= Disavowals =

1930 autobiography by Claude Cahun

Disavowals or Cancelled Confessions (Aveux non Avenus) is an anti-realist, surrealist autobiography by Claude Cahun. It was created to serve as a critique of the dominant cultural conservatism in France through the subversion of traditional autobiography with the use of illustrated photomontages alongside the artist's own aphorisms in the aftermath of World War I.

== Publication ==
Adrienne Monnier rejected the book after Cahun presented it to her in 1928, after Monnier had recommended they write a confessional. Cahun responded: "You have told me to write a confession because you know only too well that this is currently the only literary task that might seem to me first and foremost realizable, where I feel at ease, permit myself a direct link, contact with the real world, with the facts."In May 1930, Cahun succeeded in publication despite Adrienne's rejection with a limited edition of 500 by the anti-Nazi publication house, Éditions Carrefour of Paris the same publisher of Max Ernst's Femme 100 tétes.
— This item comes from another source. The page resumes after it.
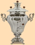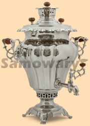 Самовар: - объем самовара 7 литров - антикварный самовар в форме вазы - на самоваре стоит литая коронка - материал: никелированная латунь (покрытие не боится воды) - растапливается с помощью дров или шишек - информационный сертификат об истории самоварной фабрики, на которой изготовлен самовар - производитель Тула

The two artists were likely aware of each other's work as Ernst's book, too, included photomontage.

From the book:"I, Jewish to the point of using my sins for my salvation, of putting my by-products to work of always surprising myself, my eye hooked over the edge of my own waste-paper bin"

== Context and influence ==
In Cahun's introduction she writes "Until I see everything clearly, I want to hunt myself down, struggle with myself".